Proposition 2: Causes’ Dynamic Lives
Inherited from “a dynamic life of cause”, our methodology is progressing on bringing the death of one cause into the birth of another cause. In other words, we attempt to compose “cause” and take care of its “body state” at the same time.

For instance, we choose a series of jumping models such as: jump, leap, hop, sissonne and assemblé [6]. By initiating a kinetic energy into one foot or two feet, we decide to take off with one foot or two feet. By designing the parameters of legs’ viscous-elastic interactions between pelvis and foot, the two legs will have muscles with different strength, which means that the two legs have different potentials. Thus, it can lead two legs to land together or not. By composing with two legs’ take-off and landing, five basic jumping models can be achieved: jump from both feet to both feet; leap from one foot to the other foot; hop from one foot to the same foot; assemblé from one foot to both feet; sissonne from both feet to one foot.
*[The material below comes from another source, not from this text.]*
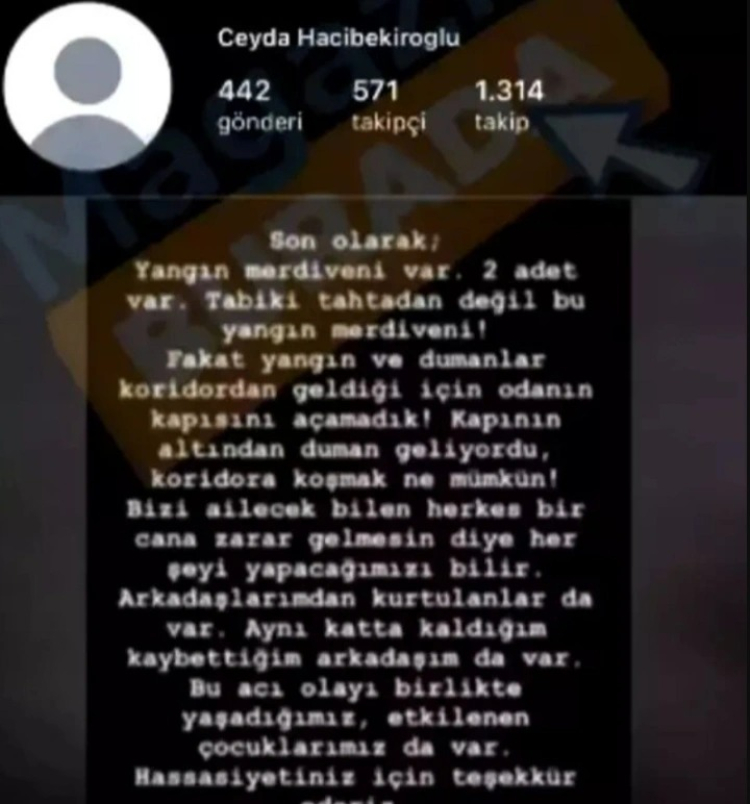 "Son olarak; Yangın merdiveni var. 2 adet var. Tabi ki tahtadan değil bu yangın merdiveni! Fakat yangın ve dumanlar koridordan geldiği için odanın kapısını açamadık! Kapının altından duman geliyordu, koridora koşmak ne mümkün! Bizi ailecek bilen herkes bir cana zarar gelmesin diye her şeyi yapacağımızı bilir. Arkadaşlarımdan kurtulanlar da var. Aynı katta kaldığım kaybettiğim arkadaşım da var. Bu acı olayı birlikte yaşadığımız, etkilenen çocuklarımız da var. Hassasiyetiniz için teşekkür ederiz. Başımız sağ olsun."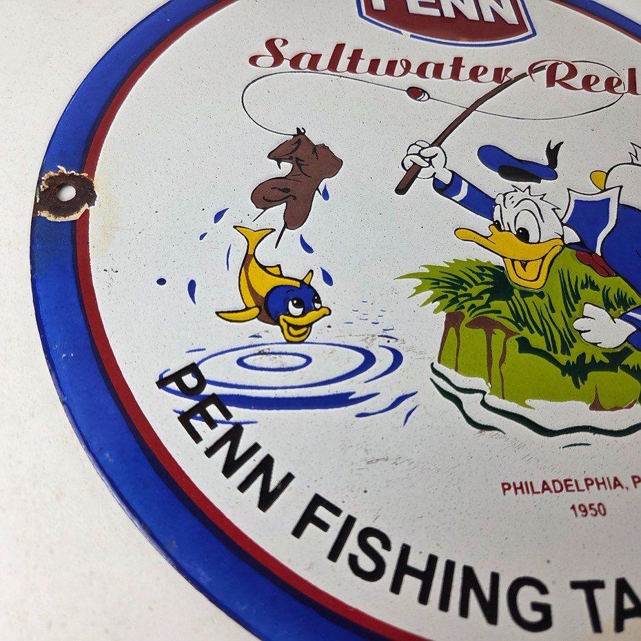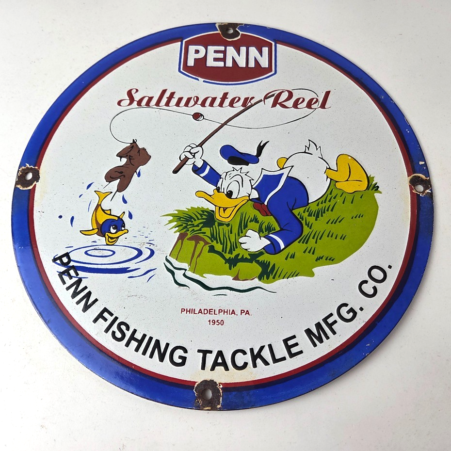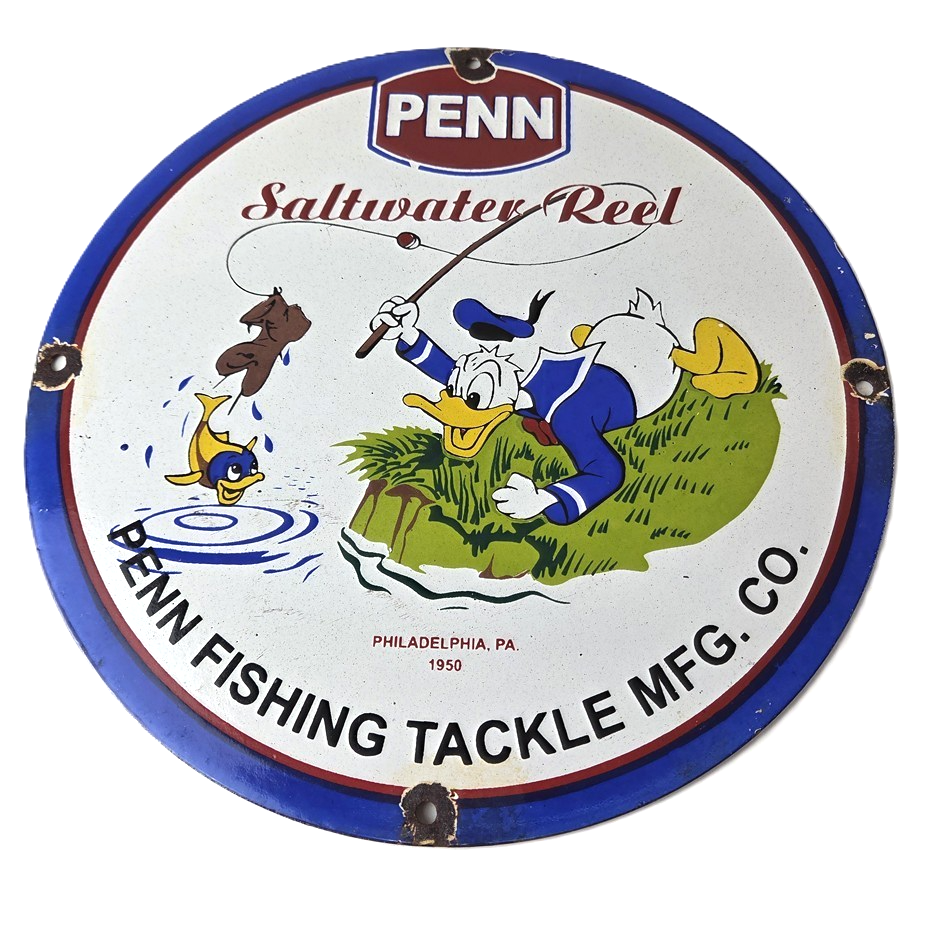 Vintage Penn Saltwater Reels Porcelain Sign.

All of these jumping models are provoked by their squat states (the birth of cause). Then, they achieve their movement at the rebound states (the death of cause) that can provoke another jumping motion dynamically as shown in figure 2 (see page 4). In such special case, it is logical to compose the jumping models because all the varieties of jumping action are based on a typical motion pattern opposing to gravity. In addition, these jumping models, which have the same structure and the same inertia, can maintain, in part, the quality coherently

 

 

Figure 2: Composing of dynamic causes. Cause 1 leads to jump; cause 2 leads to sissonne; cause 3 leads to leap; then cause 4, 5, 6, etc.
 

Figure 2: Composing of dynamic causes. Cause 1 leads to jump; cause 2 leads to sissonne;
cause 3 leads to leap; then cause 4, 5, 6, etc.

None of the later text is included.